Alamut kalesinde barış görüşmeleri

Alamut kalesinde barış görüşmeleri

Hz. Ali ve Muaviye arasındaki iktidar kavgası Müslümanları düşman iki kampa ayırmıştı. Halifeliği saltanata dönüştüren Emevi ve Abbasiler Sünniliği kutsal kitaba dayanan, onu en iyi tanımlayan yol olarak benimsemişlerdir. Oysa tarihte kendi başlarına güçlü yönetimler kurmuş Farslarla Mısırlılar; Arap yönetimlerinin kavmiyetçilik potalarında erimemek için Hz. Ali ve çocuklarının sevgisini ve uğradıkları haksızlığı öne çıkararak, Bağdat’taki merkezi Arap yönetimiyle iktidar yarışına girmişlerdir. Şiiler olarak da bilinen bu ekolün temsilcileri “Alevi” ve “Fatımi” örgütlenmeleriyle sahneye çıkarak İran ve Mısır’da zamanla devletleştiler. İktidar yarışına katılanlar mezhep sayısında artış meydana getirmişlerdir.
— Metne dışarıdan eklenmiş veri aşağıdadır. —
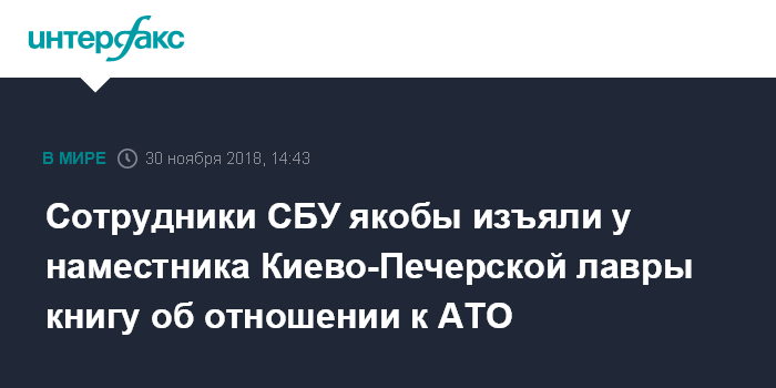Сотрудники СБУ якобы изъяли у наместника Киево-Печерской лавры книгу об отношении к АТО
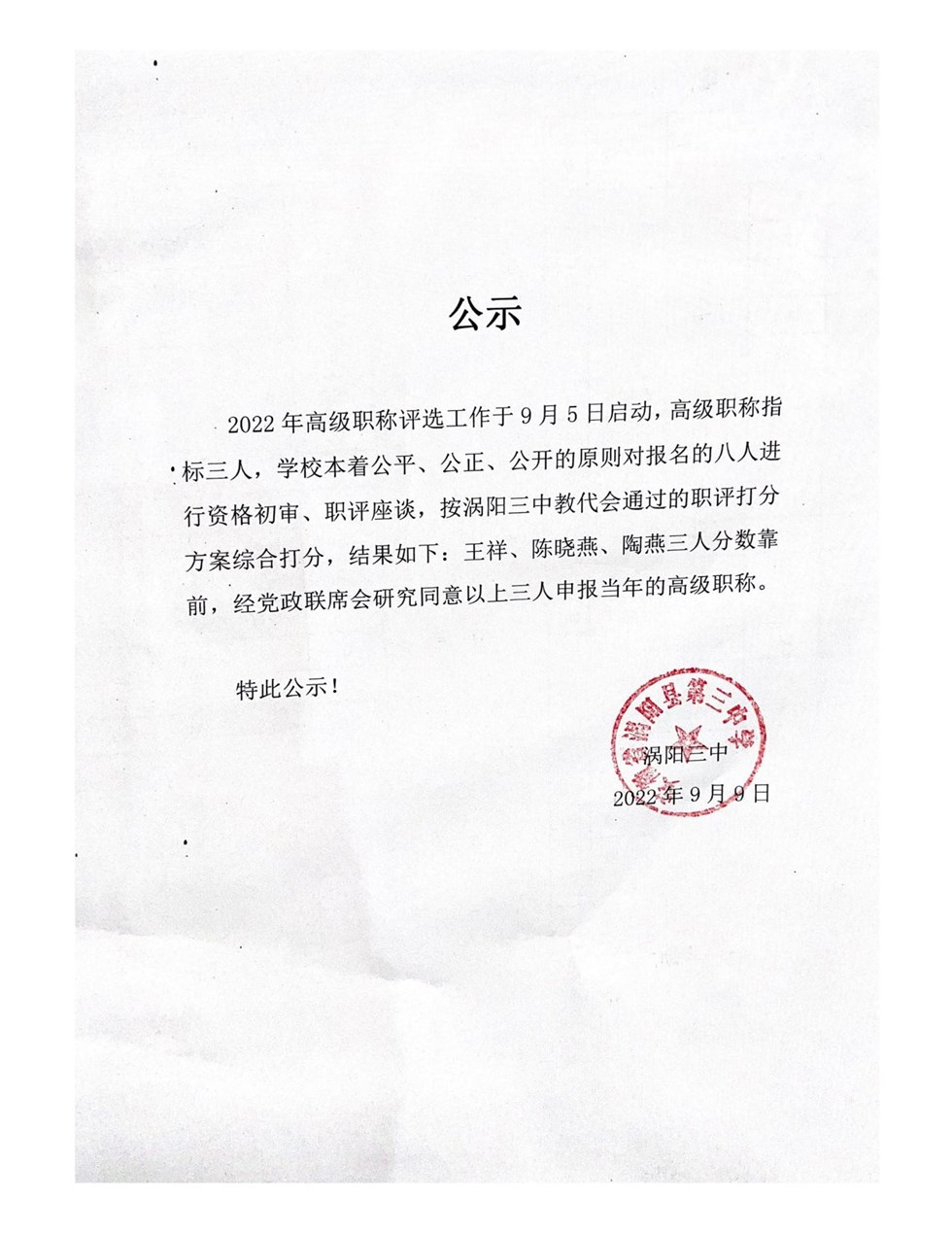 涡阳三中职称评聘的条件、程序、结果及争议解决办法

Döneminde en fazla öne çıkanlardan biri de HASAN SABAH’tır. Fanatik bir Şii ailenin oğluydu. “Nişabur şehrinde KUR’AN okulunu ziyaret ederken, sonradan İran Selçukilerinin baş vezirliğini yapan NİZAM-ÜL MÜLK ile dost ve kan kardeşi olmuştu.” Hırslı, iktidara düşkün, İran’daki Selçuklu varlığına karşı ve son derece cesur bir kişiliğe sahipti. Hayal ettiği iktidar şatosunu kurmak için yetiştirdiği fedailerle hasımlarını ortadan kaldırmayı yöntem olarak benimsedi. İran’da Kazvin kenti yakınlarındaki “kartal yuvası” olarak adlandırılan ALAMUT KALESİ’ni ele geçirerek “ŞEYHÜLCEBEZ” yani “Dağdaki Koca” lakabını aldı. Fedailerin yaptırdığı suikastlarla İran Selçuklu yönetimi ile diğer hasımlarına korkulu yıllar yaşattı. Eski dostu baş vezir Nizam-ül Mülk’ü askeri karargâhında bir fedaisine öldürtmeyi başardı.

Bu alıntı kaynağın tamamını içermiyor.